Monday, March 12, 2012

New Life for Old Books

In the early 1990s, I wanted to break my fiction out into a "big" book, rather than the short fiction I'd been doing for Doubleday's western fiction series. I told then-edtor Greg Tobin I wanted to write a fictional biography of Libbie Custer's years with General George Armstrong Custer. After all, theirs was the "Great Romance of the Western Frontier." Greg coughed, hemmed, hawed and said he'd have to see a hundred pages before he offered a contract. Long story short, it was published and did better than any other book I've published.
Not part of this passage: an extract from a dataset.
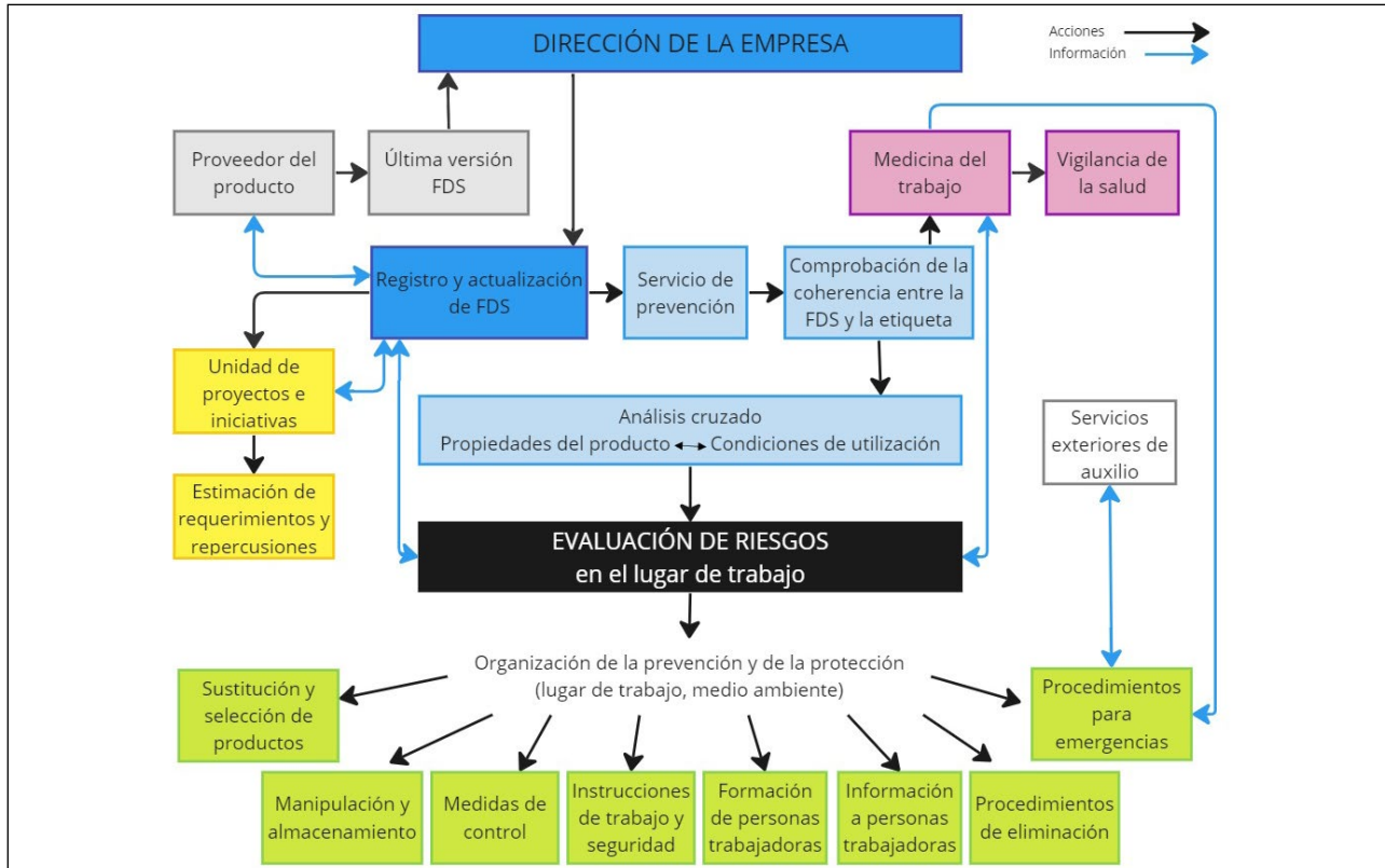
Figura 2. Gestión y utilización de la ficha de datos de seguridad

En la práctica, para usar de forma segura una sustancia o mezcla química es necesario tener en cuenta la información contenida en diferentes secciones de su FDS. En la tabla 1 se expone, a modo de ejemplo

Not the big breakout book, but nice respectable sales. Of course it went out of print, and in those days who knew to save digital files? Even if I had done so they'd be on a diskette and difficult to access today. So I have paid a company to scan all 300+ pages. Just finished proofing the galleys, and it should be available for e-readers soon.
I suspect I'm as proud of this book as any I've done. I wrote it with Libbie's journals spread out before me, and yet I tried to give her a voice that was real to me, not the public voice she assumed in her zeal to make sure Autie went down in history as a hero. Read an except here http://www.judyalter.com/e-books.
In proofing this book, I was surprised at how much of me there is in Libbie and how much of my attitude toward my marriage, then some ten years in the past. And I was also surprised at the change in my writing style. Libbie is not clumsy, don't get me wrong, and when I began to read it, I thought, "Darn, this is better than I thought." But I also noticed some slight changes in style--I've learned not to repeat similar words too close together; I've learned to avoid what I now think is that awkward construction, "It was then that ...." I've learned to omit unnecessary words to a greater extent.
Don't let me discourage you from reading this. I got some nice comments on Facebook about it, and I still think it's the most human approach to what I see as Libbie's dilemma--marriage to Custer was not al happy romps across the prairie, and I tried to capture that realistically. This is BSP--blatant self-promotion: I think you'll like Libbie if you haven't read it before. I'll post on Facebook when it's live and available to order.
Watch next for Sundance, Butch and Me, my take on Etta Place's life with the Hole In The Wall Gang and her romance with The Sundance Kid. It's no accident that in the title, Butch Cassidy comes between Sundance and Etta. Fiction after all can suppose, imagine, and take liberties. Want a preview of my approach? Read the short story, "Reunion," in Sue Ellen Learns to Dance and Other Stories, available as an e-book for 99 cents. http://www.amazon.com/Ellen-Learns-Dance-Other-Stories/dp/0977179737/ref=sr_1_2?s=books&ie=UTF8&qid=1331599197&sr=1-2
Enough bragging, but I'm excited to see these older works available to readers once again. Hmmm, twenty years is older? My, how time flies.

3 comments:

mkdulle said...

Hooray, Judy! I've enjoyed "Mattie" & "Sue Ellen Learns to Dance," and have been looking forward to more of your work to put on my trusty Kindle e-reader.

Anonymous said...

FYI: I googled "Judy Alter" and "Libbie" and found 11 copies available on Amazon.

judyalter said...

Thanks, Mary. Anonymous: I hope more than eleven people will want to read it--and on e-readers and not used print copies.